The man who paid to have details he believed would be damaging to his primary campaign scrubbed from his Wikipedia page continued:
But I think that the symbolic moment of today is something far deeper than just this case. We live in an era of the noble lie. The so-called lie that the government tells to its people because it believes the people can’t handle the truth. Why is it that we see the rise of three different indictments, three supposedly independent prosecutions at the same time, in the midst of a presidential election. It’s because the government does not trust the people to select their leaders.
Ramaswamy went on to invoke the American Revolution and argue that the charges against Trump constitute a “politicized persecution through prosecution.”
Trump faces four counts related to his attempts to overturn the 2020 presidential election, which culminated with the January 6 Capitol riot.
In his 2022 book Nation of Victims, Ramaswamy accused Trump of taking “a page from the Stacey Abrams playbook” insisted that Trump’s claims of voter fraud were “just as weak” as Abrams’s claims of voter suppression, and called January 6 “a dark day for democracy.”
“The loser of the last election refused to concede the race, claimed the election was stolen, raised hundred of millions of dollars from loyal supporters, and is considering running for executive office again,” he wrote.
On the campaign trail, however, Ramaswamy has changed his tune.

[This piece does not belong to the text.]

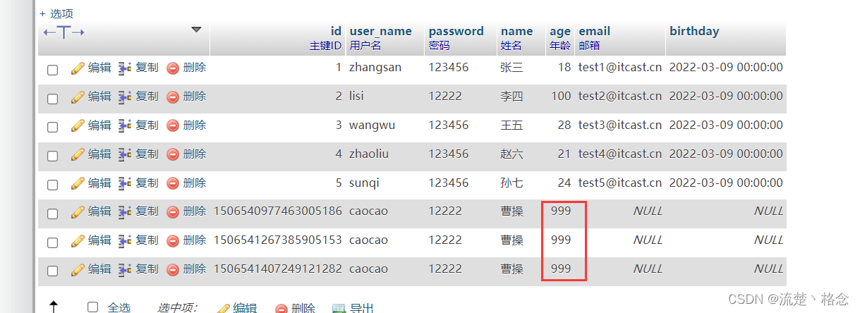 //根据条件进行更新,可以将为NULl的值更新到数据库 @Test public void testUpdate4(){ UpdateWrapper<User> updateWrapper = new UpdateWrapper<>(); updateWrapper.eq("name","曹操").set("age", 999).set("birthday",null); //只将对象中不为NULL的值更新到数据库中 int i = userMapper.update(null,updateWrapper); System.out.println(i); }

“You want to know what caused Jan. 6?” he asked Tucker Carlson rhetorically last month before answering that it was “pervasive censorship in this country in the lead-up” to the riot. “There’s such a temptation to say that there’s one man,” he lamented about the version of himself who wrote Nation of Victims.
He echoed that message on after Trump’s indictment on Tuesday, which he called “another sad moment in our country’s history.”
“It is wrong and incorrect and inaccurate to place blame for what happened on January 6 at the feet of Donald Trump,” argued Ramaswamy. “Donald Trump was not responsible for what happened on January 6.
“You want to know what was responsible?” he asked. “Systematic, pervasive censorship in this country.”
It is not yet known whether the longshot candidate was noticed by senpai.